Indian Television Market: Opportunities

Tuesday, February 13, 2007 | 1 comment

There is a wonderful article in New York Times this week, In India, The Golden Age of Television is Now.

“Indian films, especially the flashy musicals and dramas of Bollywood, have grabbed plenty of attention in the West. But the country’s lesser-known television business is more than twice as big, with an estimated $3.4 billion in revenue in 2005, according to PricewaterhouseCoopers. It is also starting to exert greater cultural influence.

Television ownership is growing fast here, and it has plenty more room to expand. There are roughly 105 million homes with televisions in India, up from 88 million in 2000. The current number of television households is about the same as in the United States, though for India that amounts to only about half of the country’s households, compared with 98 percent in the United States.”

As generation Y moves away from Television and onto the Internet and Mobile Phones in the US, the Indian market is still largely Television centric, with both PC and Internet penetration still limited.

This implies, one of the most important content business opportunities for India is still TV Networks and Programming. The question is, where are the opportunities to find niches that are still open? The market is already quite crowded, especially with Zee, Star and others covering the Hindi market, and both local and international channels covering the English markets.

A while ago, I had looked into the animation market from the perspective of TV serials. However, the economics did not look compelling. [You can read the analysis, Indian Anime, here.]

I have also looked into vernacular network opportunities. The top Indian languages are:
Hindi (337M), Bengali (69.5M), Telugu (66M), Marathi (62.5M), Tamil (53M), Urdu (43.4M), Gujarati (40.6M), Kannada (32.7M), Malayalam (30.3M), Oriya (28M), Punjabi (23.3M), Assamese (13M). [English - 20M, btw.]

Notice, even the smallest of the above niches has a 13M target audience, so not too shabby.

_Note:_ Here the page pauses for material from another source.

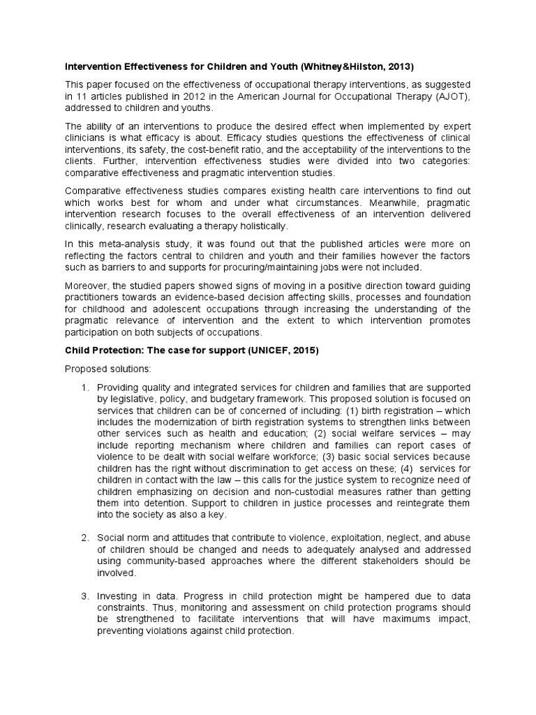 Intervention Effectiveness for Children and Youth (Whitney&Hilston, 2013)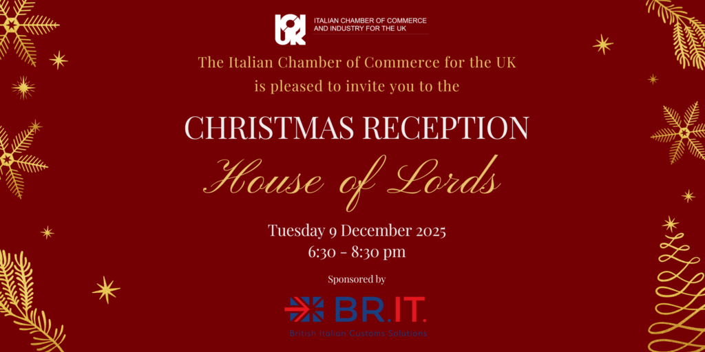 The Italian Chamber of Commerce and Industry for the United Kingdom is a company limited by guarantee. Registered in England no. 598572. Reg Office: 22-24 Ely Place, London EC1N 6TE. V.A.T. Registration No 510352988. The Chamber is recognized by the Italian Government under the law of 1st July 1970 no. 518.

My hypothesis is, there are opportunities in rolling up networks and building a large portfolio based on regional language assets. Similarly, there are opportunities of starting new and unique networks in regional languages, which would be good acquisition candidates in a few years, as the market consolidates.

Comments

As for regional languages, you should note that Zee Telefilms, Sun TV and the Eenadu group already boast of a very strong bouquet of channels. However, the profitability of these channels is a concern as the fixed cost for starting each channel would be substantially high if we take lower ad rates into account. In addition, the subscription revenue for these channels would be quite minimal considering that cable still reaches a low proportion of TV homes and there is a massive under-reporting of subscribers by cable operators. CAS and DTH are good schemes to begin with but their penetration is still limited to the four metros.
Also note that TRAI has mandated a fixed charge of Rs. 5 per channel per month (Zee had a bouquet of 11 channels for Rs. 66 earlier and ESPN-Star Sports commanded Rs. 27 for just two sports channel). I really wonder how are regional channels going to survive in this competitive market.
The only alternative to this is quality content in the general entertainment space. NDTV and Reliance Industries are looking to have their version of the same pretty soon. It’s gonna be a bumpy ride as they say.